Средневековая Европа. Восток и Запад - Коллектив авторов
Шрифт:
Интервал:
Закладка:
Все знали тогда, что именно смерть конкретного человека, то, как он оставляет этот мир, многое объясняет и в том, как он жил, что говорил и, главное, какова его дальнейшая судьба как на небесах, так и в памяти потомков. Аристотель не исключение. «Яблоко» – ars moriendi, моделирующая смерть Аристотеля по смерти Сократа[281] (конечно, с тщательно вычищенными намеками на самоубийство), и эта модель близка и христианским представлениям о кончине, вызывающей страх, слезы, раздумья и, что главное, исповедание личной веры – такое исповедание, где нет места ни лжи, ни ошибке.

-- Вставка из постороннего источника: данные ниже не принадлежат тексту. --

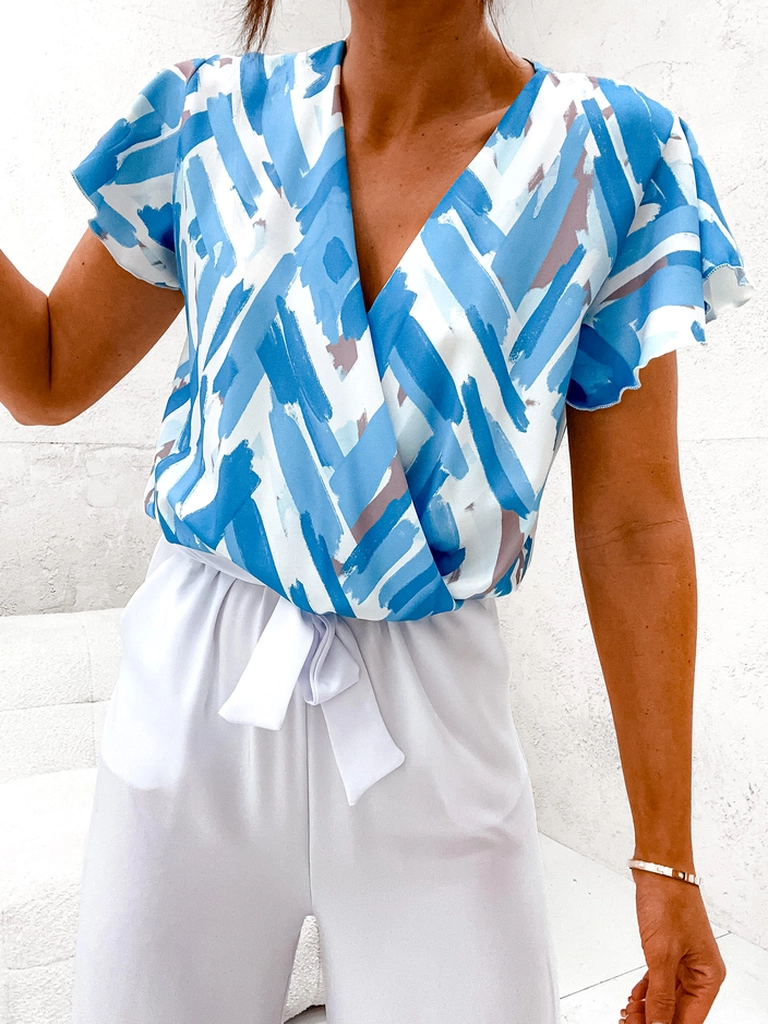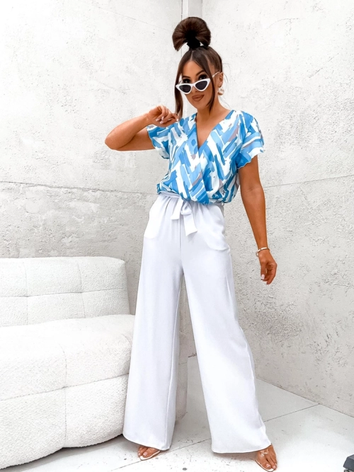 - Hämmastav naiste kombinesoon lühikeste varrukatega, V-kaelusega ja elastse vöökohtaga. Mudelil on laiad, pikad jalad. Lisaks on kaasas vöö. MÄRKUS: Mõõtmise täpsus (+/-) 1 cm.

В порыве типично феодального лицемерия государи и крупные синьоры того времени перед смертью принимали постриг, чтобы предстать пред взором Всевышнего в буквальном смысле обеленными. Фридрих II, внимательный читатель Аристотеля, известный своей борьбой с папами, оказавшись на смертном одре под отлучением, умер цистерцианцем. Манфред, его излюбленный и не менее просвещенный сын, попытался смоделировать свою кончину иначе: на смертном одре, помышляя о спасении души и прося милости у Всевышнего, он попросил прочитать ему вслух книжицу «князя философов», попавшуюся ему под руку в библиотеке отца, а когда выздоровел, то перевел ее на латынь, как он считал, на благо христианам, и снабдил небольшим предисловием, по стилю достойным знаменитых dictatores Великой курии: из него мы и узнали эти подробности[282]. Выздоровевший юный герцог успел потом стать королем, продолжить отцовскую работу над «Книгой об искусстве соколиной охоты» (Апостолическая библиотека Ватикана, рукопись Pat. lat. 1071), повоевать с папством, поддержать переводы других аристотелевских текстов, подлинных и неподлинных, выслать их в Париж в 1263 г.[283], прежде чем сложить голову в битве при Беневенто в 1266 г. Несомненно, яркая судьба, но и неслыханная в среде государей последняя воля: умереть, как Сократ. Возможно, именно это предисловие заслужило особую симпатию к Манфреду Данте, сжалившегося над грешником и поместившего его, в отличие от старшего Штауфена, «эпикурейца», в чистилище (Чистилище. III, 45; III, 112)[284].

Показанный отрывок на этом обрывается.